▶ _REQUIRED ACTION_
Only the lines below starting at the one that contains "Gscheid near St. Aegyd am Neuwalde" and ending at the one that contains "This picture was" are to be reproduced, exactly and with both ends kept.

▶ _INPUT_

================

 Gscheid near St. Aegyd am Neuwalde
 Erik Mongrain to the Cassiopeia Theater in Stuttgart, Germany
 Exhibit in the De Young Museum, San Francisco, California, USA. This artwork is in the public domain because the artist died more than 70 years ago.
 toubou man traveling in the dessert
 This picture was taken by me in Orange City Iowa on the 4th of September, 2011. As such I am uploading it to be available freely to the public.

================

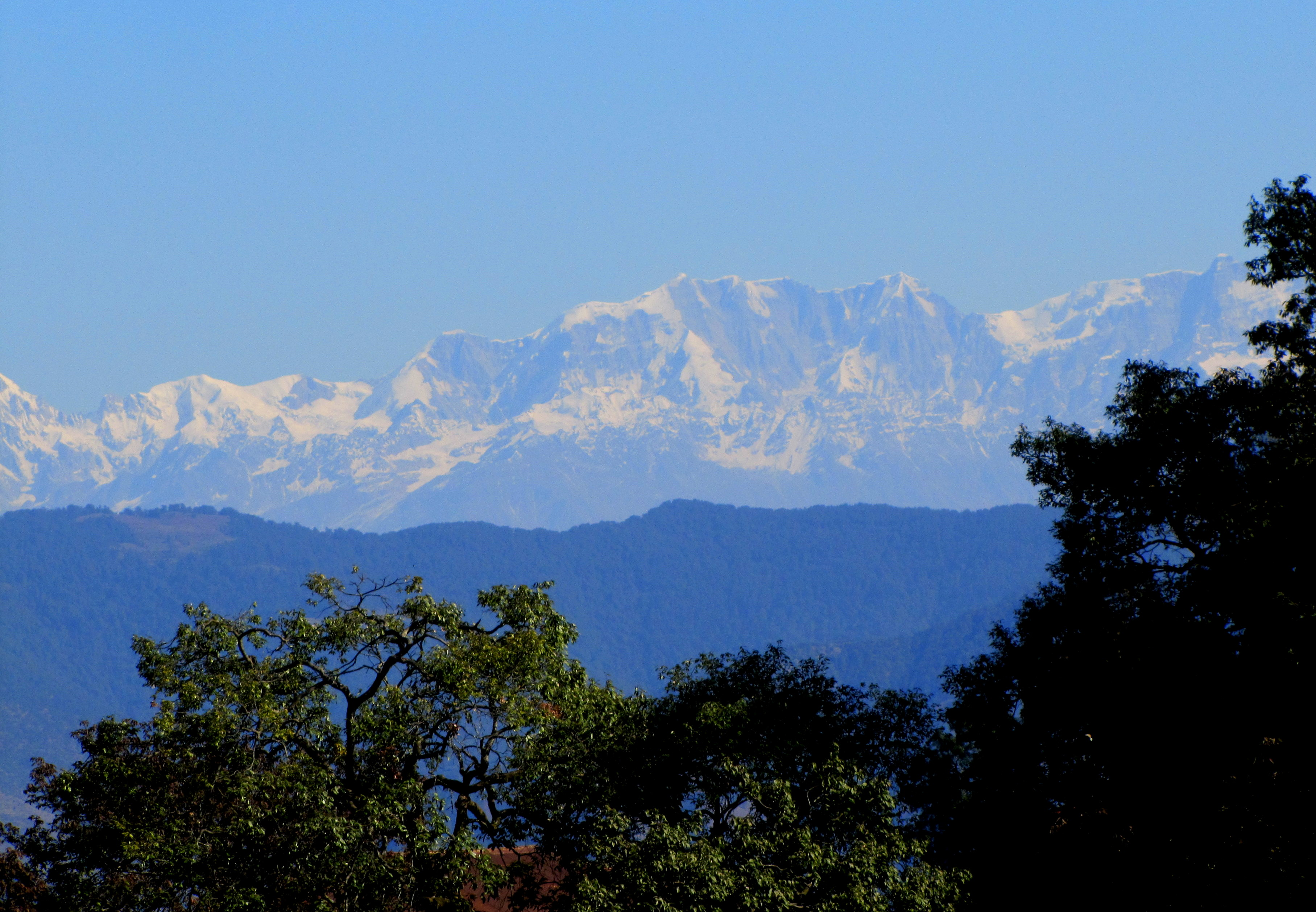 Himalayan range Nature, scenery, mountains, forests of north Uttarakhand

================

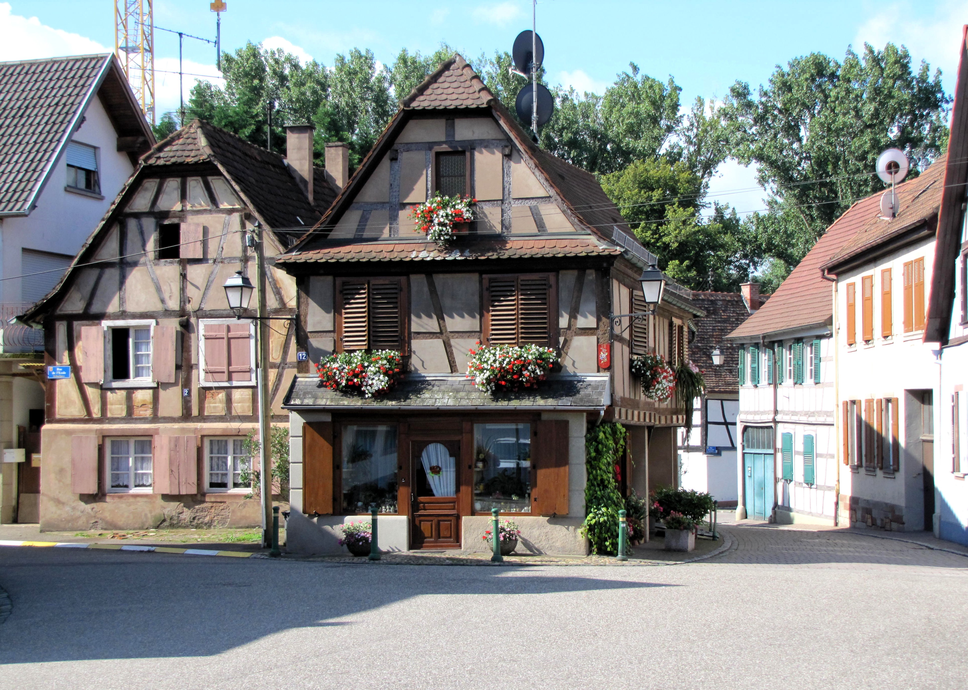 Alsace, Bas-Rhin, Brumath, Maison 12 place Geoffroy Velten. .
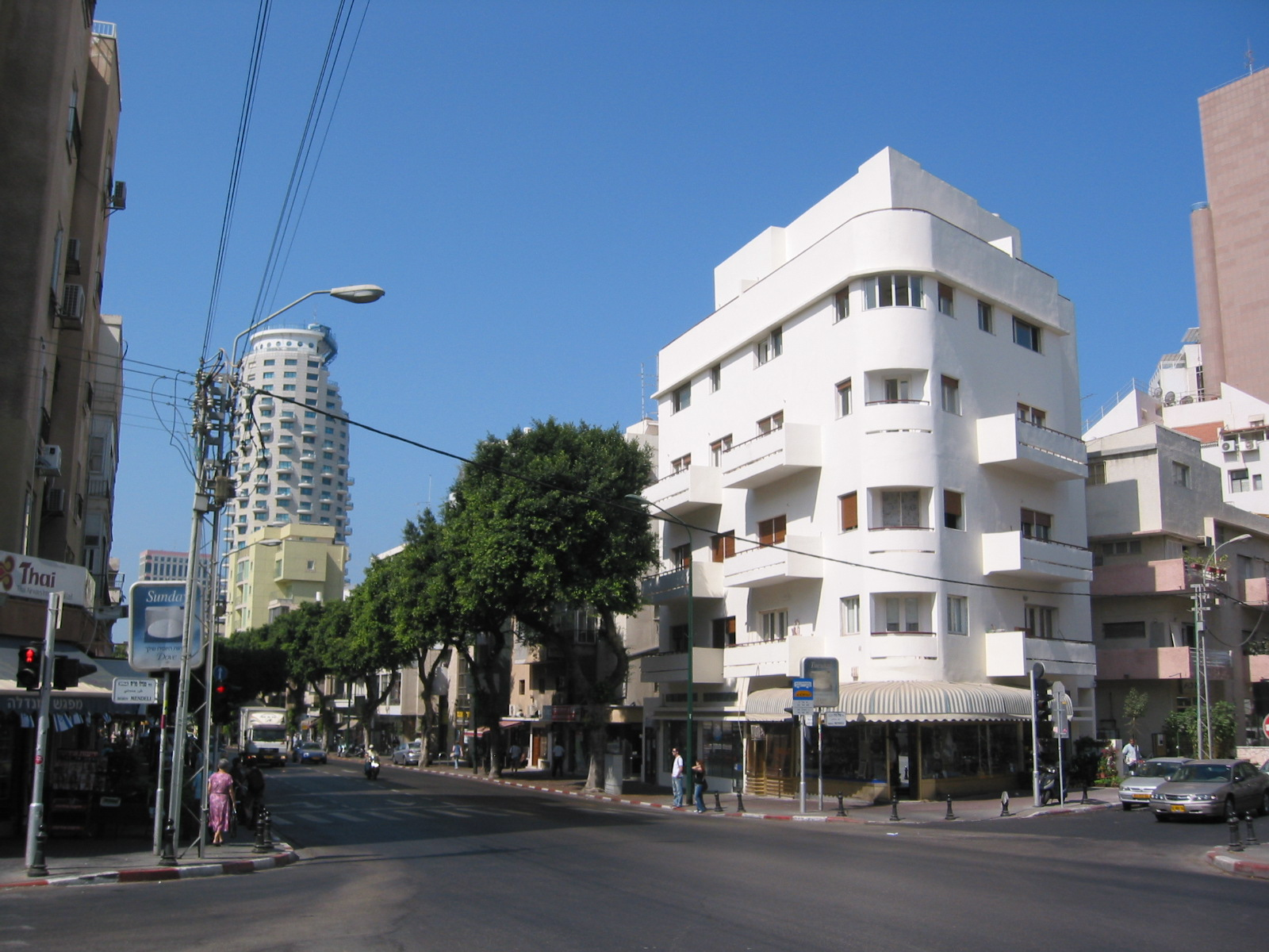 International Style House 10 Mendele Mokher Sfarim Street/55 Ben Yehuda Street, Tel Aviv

================

▶ _SOLUTION FOR THIS EXERCISE_
 Gscheid near St. Aegyd am Neuwalde
 Erik Mongrain to the Cassiopeia Theater in Stuttgart, Germany
 Exhibit in the De Young Museum, San Francisco, California, USA. This artwork is in the public domain because the artist died more than 70 years ago.
 toubou man traveling in the dessert
 This picture was taken by me in Orange City Iowa on the 4th of September, 2011. As such I am uploading it to be available freely to the public.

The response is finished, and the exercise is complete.